We launched our roadmap The State of Automated Fact Checking in August 2016, where we set out a plan for making fact checking dramatically more effective using existing technology. In autumn of that year we were one of the first UK organisations to use the “Fact Check” label in Google news.
In November 2016, we announced support from Google’s Digital News Initiative for the first stages of our automated fact checking work. This funding helped build our first prototypes. In May 2019 we – along with Africa Check, Chequeado and the Open Data Institute – won the Google AI Impact Challenge. We are just one of 20 international winners, chosen from more than 2,600 entrants. Over the next three years, with Google’s support, we used machine learning to dramatically improve and scale fact checking, working with international experts to define how artificial intelligence could transform this work, to develop new tools and to deploy and evaluate them.

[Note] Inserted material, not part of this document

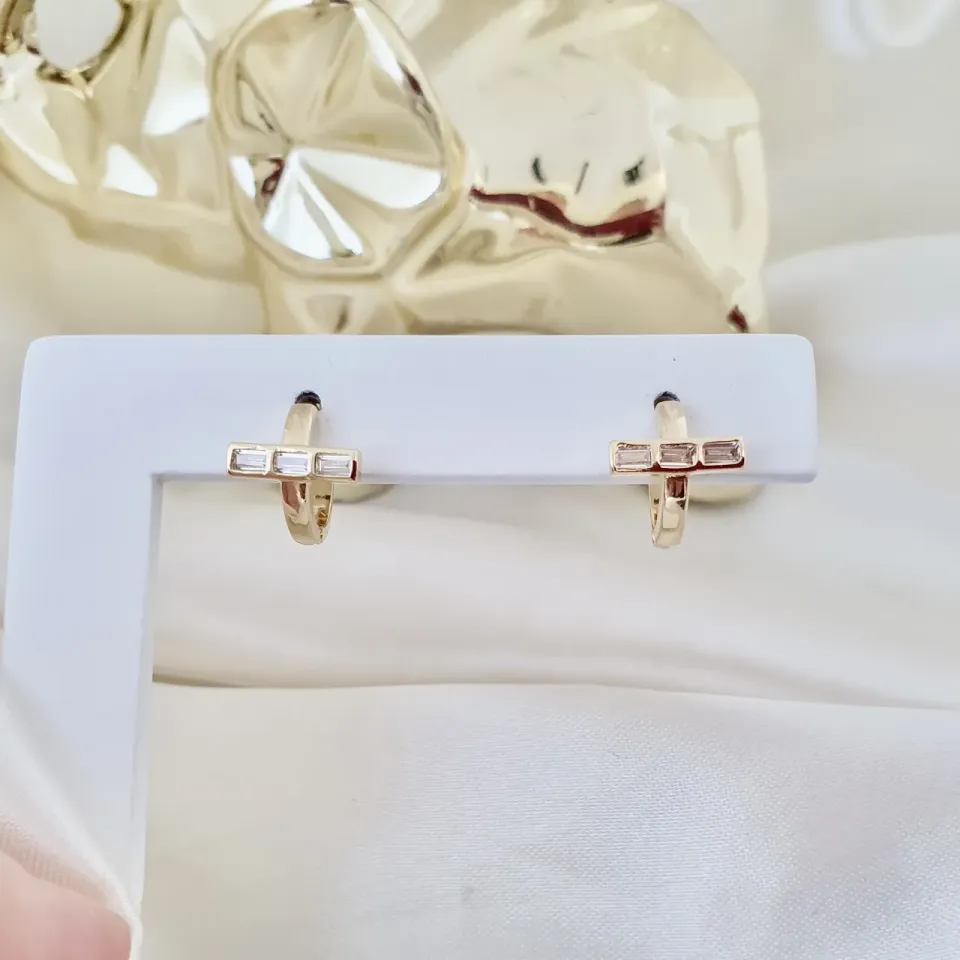 Brinco argola click com zircônias baguete

I left Full Fact in 2020, but this work is being continued by Andy Dudfield who now leads the ever smart and brilliant technology team there.
What did you build?
At Full Fact we have built the infrastructure to monitor claims that are made in the public sphere. Within that we apply a few algorithms that we have developed:
- Claim detection algorithm – this separates out factual statements from other sentences
- Claim matching algorithm – this matches new sentences to potential fact checks, so if this claim has already been checked before, you’ll know.
- Automated checking – certain sentences, in the UK, will be parsed out and automatically checked against official statistics.
On top of these services, we have built a suite of products to help fact checkers. These are now being used around the world.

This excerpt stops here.